The USAO alleged that from Nov. 1, 2017, through March 31, 2021, UCHealth hospitals falsely coded certain E&M claims for emergency room visits. In its announcement, the U.S. Attorney's Office claimed UCHealth would automatically use the CPT 99285 code when a provider checked a patient's vital signs more times than the total number of hours the patient spent in the emergency department — unless the patient was there for less than 60 minutes — no matter the "severity of the patient's medical condition or the hospital resources used to manage the patient's health and treatment."

The USAO alleged that UCHealth knew its automatic coding rule did not reasonably detail the resources used by the hospitals and, therefore, did not meet Medicare and TRICARE billing requirements.

“Fraudulent billing by health care companies undermines Medicare and other federal health care programs that are vital to many Coloradans,” said Acting U.S. Attorney Matt Kirsch for the District of Colorado in a statement. “We will hold accountable health care companies who adopt automatic coding practices that lead to unnecessary and improper billing.”

The allegations of fraudulent billing were reported by a whistleblower. Under the False Claims Act, a whistleblower can file suits on behalf of the United States, known as qui tam suits, and receive a portion of any settlement, according to the USAO. The whistleblower in this case filed a qui tam suit and will receive $3.91 million from the $23 million settlement, according to the USAO.
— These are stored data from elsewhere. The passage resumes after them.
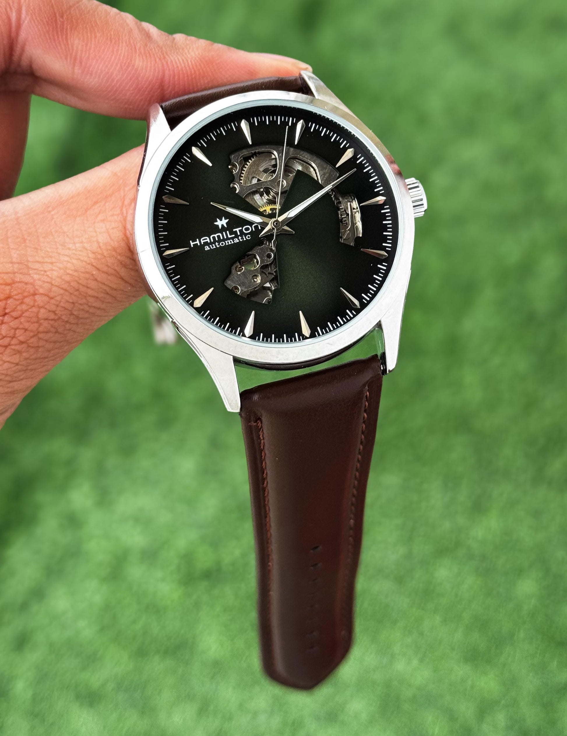 ✅*Hamilton Men’s Automatic Skeleton Watch – Silver Case & Leather Strap*✅
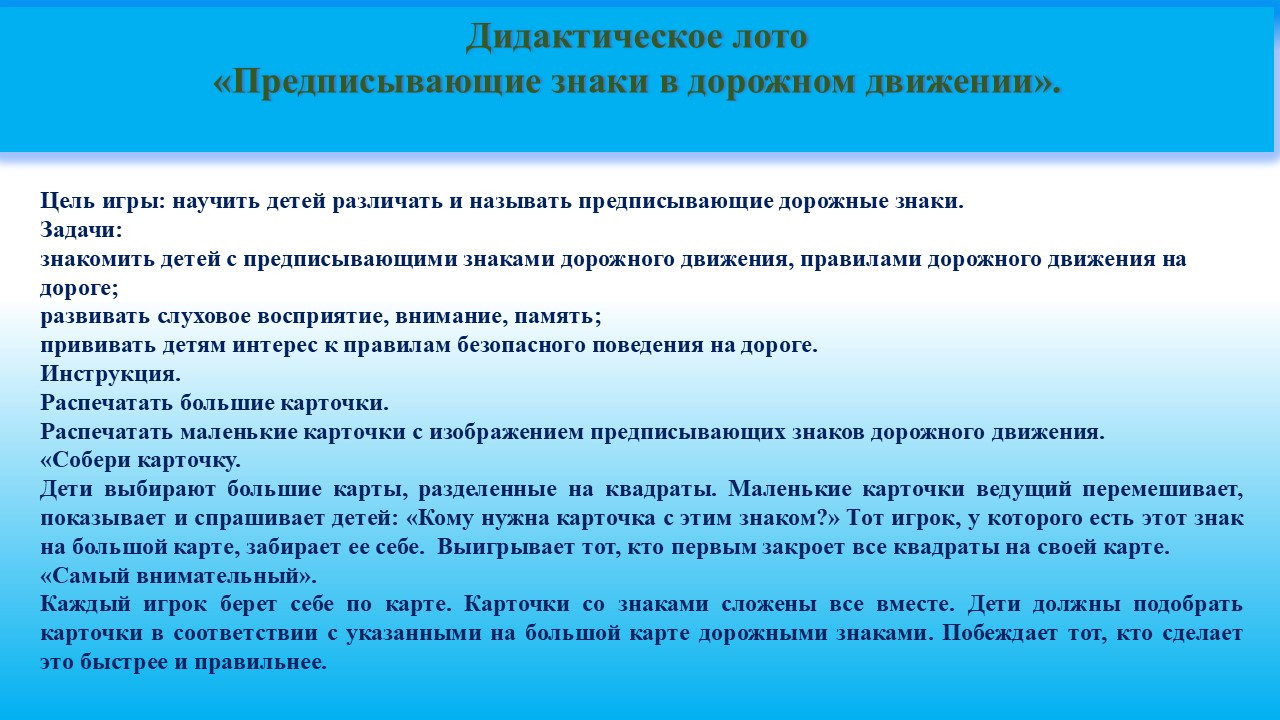 Цель игры: научить детей различать и называть предписывающие дорожные знаки.
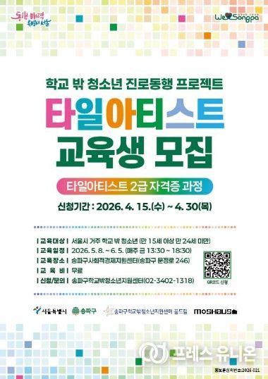 프레스유니온 강찬희 기자 | 송파구는 서울시 ‘약자와의 동행’ 공모사업으로 학교 밖 청소년들의 사회진입과 자립을 돕기 위한 ‘타일아티스트 교육’을 실시한다고 24일 밝혔다.
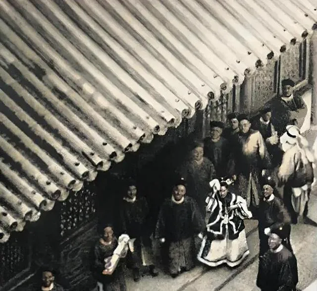 这一幕像被谁从高处偷着按了快门,檐瓦压下来像黑色的浪,檐下人群围着一位华服女子匆匆走过,反光一闪就没了,据说宫里不许随意照相,偶得一张就像捡了宝。
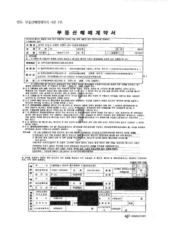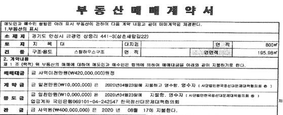 미래통합당 ‘위안부 할머니 피해 진상규명 TF’ 곽상도 위원장이 2일 공개한 안성 위안부 쉼터(‘평화와 치유가 만나는 집’) 매매 계약서다. 지난 4월 23일 작성된 계약서로 사회복지공동모금회를 통해 입수했다. 매도자는 사단법인 한국정신대문제대책협의회(정대협), 매수자는 가려져 있다.
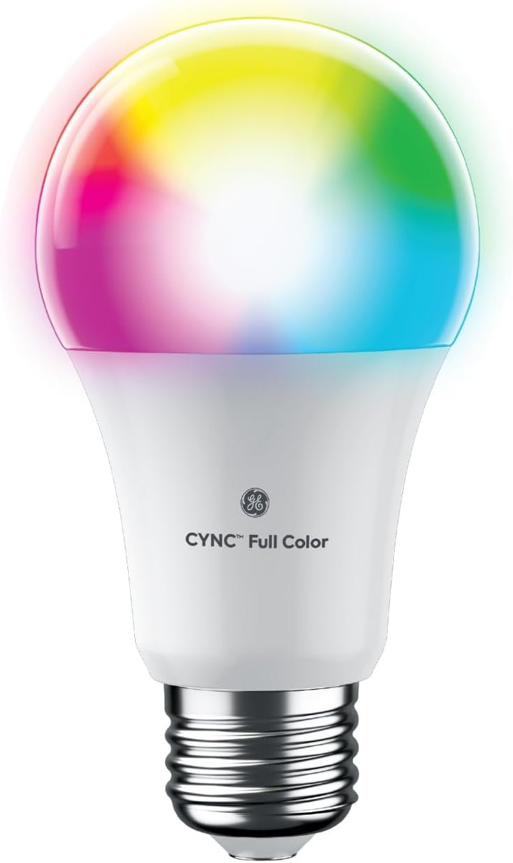 GE Cync Full Colour Direct Connect Smart Bulb A19, 60W Replacement, Bluetooth/Matter/WiFi Enabled, Works with Alexa, Google Assistant Without Hub, 1-Pack
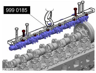 70 安裝搖臂橋。引導(dǎo)所有搖臂,使其回到正確的位置。從搖臂橋上拆下提升工具。
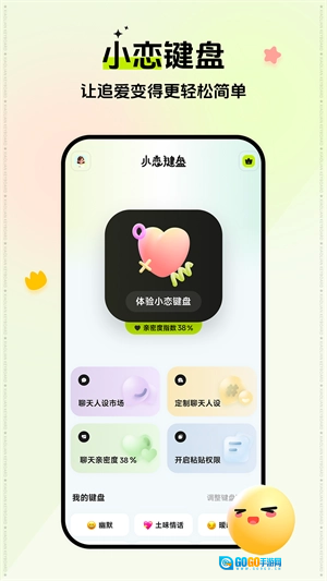这款恋爱辅助键盘软件特别好用,它具备智能预测和快捷回复功能,能让你在聊天时体验到极大的便捷。同时,软件还会持续优化,提供丰富的个性化设置选项,全方位满足你的各类需求。

“Health care providers that participate in federal health care programs such as Medicare are required to obey laws meant to preserve the integrity of program funds, including requiring that providers submit only appropriate and accurate claims for reimbursement,” said Special Agent in Charge Linda T. Hanley of the Department of Health and Human Services Office of Inspector General (HHS-OIG) in a statement. “As this settlement demonstrates, HHS-OIG and our law enforcement partners will continue working together to protect both public safety and the integrity of our federal health care system.”

The USAO said information regarding potential health care fraud, waste, abuse and mismanagement can be reported to the U.S. Department of Health and Human Services (HHS) at 800-447-8477.